▸ TASK TO CARRY OUT
Output every line below as it stands, dropping only the images.

▸ SUPPLIED DATA
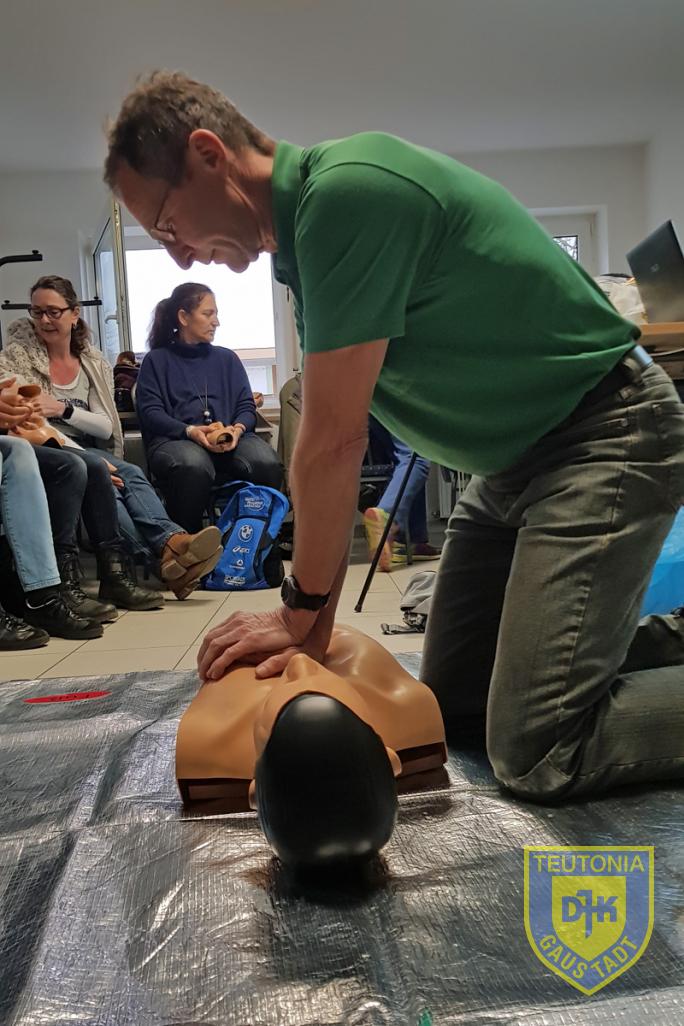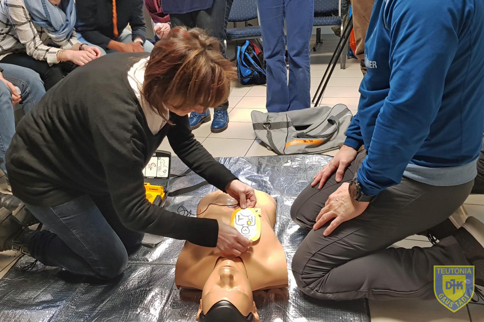 Am zweiten Januarwochenende führten wir im Vereinsheim einen Erste-Hilfe-Kurs durch. Wir legen Wert auf gut ausgebildete Übungsleiter und Verantwortliche und freuten uns, dass wir von unserem Mitglied Bernd Eichberger die Erste-Hilfe-Ausbildung erhielten. Da sich alle Teilnehmer gut kannten, war es auch für Bernd angenehm die Themen mit uns durchzuarbeiten. Es fand sich immer ein Demonstrationsopfer und bei der Rettung gab es auch viel Spaß in der Gruppe. Nun haben wir unser Wissen über die stabile Seitenlage, HLW (Herz- / Lungenwiederbelebung) und Verbände anlegen wieder aufgefrischt. Hoffentlich müssen wir das Erlernte nie anwenden, aber wenn der Fall eintritt, sind wir gut vorbereitet. Im Wasser (durch unsere Rettungsschwimmerausbildung) und an Land können wir nun bei Notsituationen helfen.
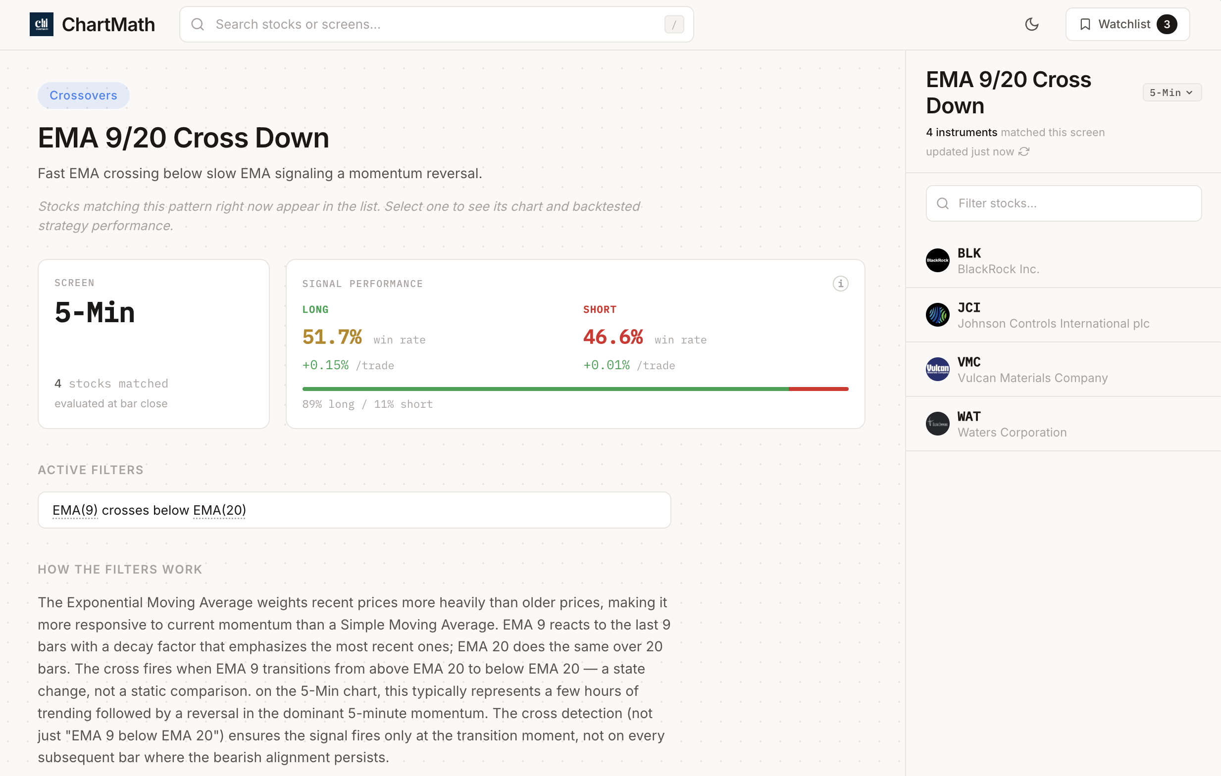 ChartMath was built specifically to solve this problem. Our platform continuously scans the market across 200+ technical screens, instantly alerting you when stocks match proven setups like ORB, VWAP touches, RVOL spikes, and all the patterns we've covered in this guide. Every alert includes backtest data showing historical win rates and expected value, so you can make informed decisions about which trades to take.
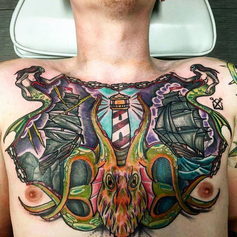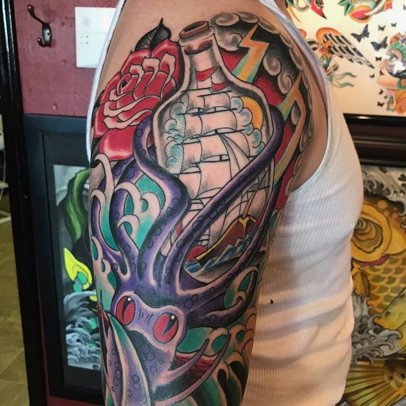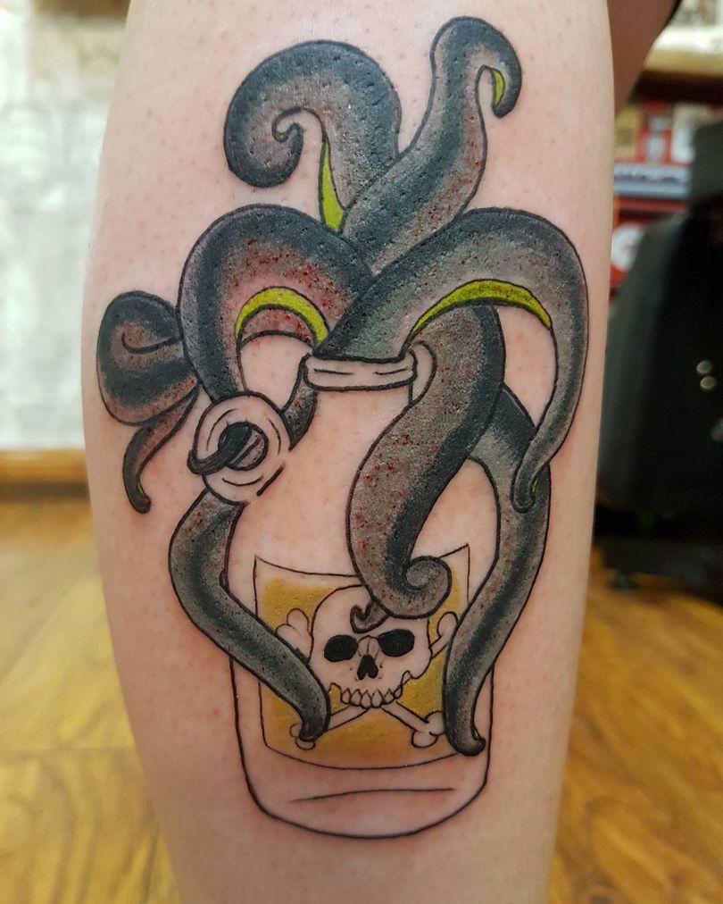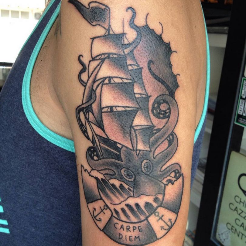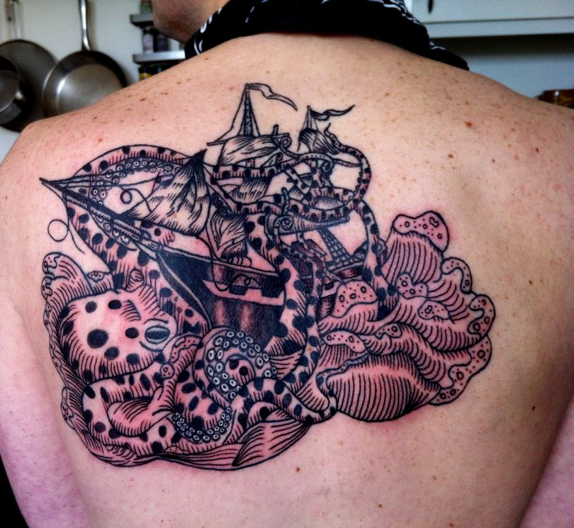 - Glücklich. Ursprünglich wurde das Kraken-Tattoo mit Angehörigen maritimer Berufe - Matrosen, Fischern - und einfach mit Liebhabern des Meeres in Verbindung gebracht. Sie betrachteten ihn als eine Art Talisman gegen Unglück auf hoher See oder einer langen Reise.
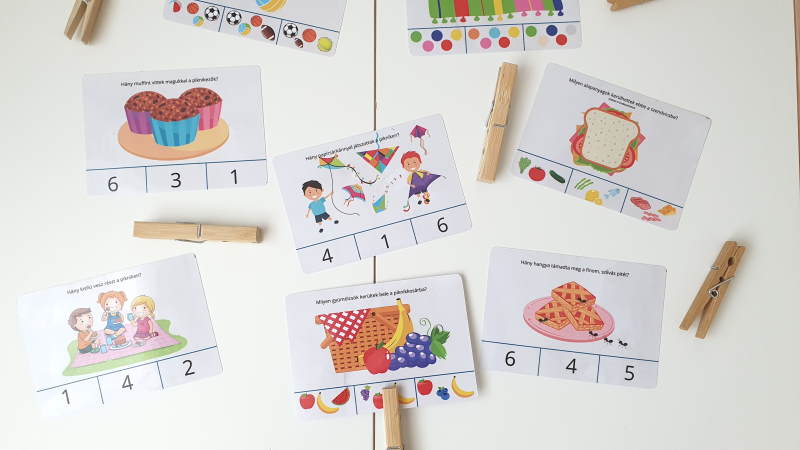 Ebben a játékban a nagyobb, iskolába készülődő ovisok agytekervényeit mozgatjuk meg. Természetesen a tőlünk megszokott, játékos formában, ezúttal a Piknik témaköréhez kapcsolódva. 🙂 Hány süti fogyott el, mit csináltak a hangyák és milyen alapanyagok kellenek egy igazán finom szendvicshez? Ezekre a kérdésekre is választ kaphattok ebben a játékban, amihez csupán a letölthető kártyák + néhány csipesz szükséges.

▸ REPLY TO THE EXERCISE
 Am zweiten Januarwochenende führten wir im Vereinsheim einen Erste-Hilfe-Kurs durch. Wir legen Wert auf gut ausgebildete Übungsleiter und Verantwortliche und freuten uns, dass wir von unserem Mitglied Bernd Eichberger die Erste-Hilfe-Ausbildung erhielten. Da sich alle Teilnehmer gut kannten, war es auch für Bernd angenehm die Themen mit uns durchzuarbeiten. Es fand sich immer ein Demonstrationsopfer und bei der Rettung gab es auch viel Spaß in der Gruppe. Nun haben wir unser Wissen über die stabile Seitenlage, HLW (Herz- / Lungenwiederbelebung) und Verbände anlegen wieder aufgefrischt. Hoffentlich müssen wir das Erlernte nie anwenden, aber wenn der Fall eintritt, sind wir gut vorbereitet. Im Wasser (durch unsere Rettungsschwimmerausbildung) und an Land können wir nun bei Notsituationen helfen.
 ChartMath was built specifically to solve this problem. Our platform continuously scans the market across 200+ technical screens, instantly alerting you when stocks match proven setups like ORB, VWAP touches, RVOL spikes, and all the patterns we've covered in this guide. Every alert includes backtest data showing historical win rates and expected value, so you can make informed decisions about which trades to take.
 - Glücklich. Ursprünglich wurde das Kraken-Tattoo mit Angehörigen maritimer Berufe - Matrosen, Fischern - und einfach mit Liebhabern des Meeres in Verbindung gebracht. Sie betrachteten ihn als eine Art Talisman gegen Unglück auf hoher See oder einer langen Reise.
 Ebben a játékban a nagyobb, iskolába készülődő ovisok agytekervényeit mozgatjuk meg. Természetesen a tőlünk megszokott, játékos formában, ezúttal a Piknik témaköréhez kapcsolódva. 🙂 Hány süti fogyott el, mit csináltak a hangyák és milyen alapanyagok kellenek egy igazán finom szendvicshez? Ezekre a kérdésekre is választ kaphattok ebben a játékban, amihez csupán a letölthető kártyák + néhány csipesz szükséges.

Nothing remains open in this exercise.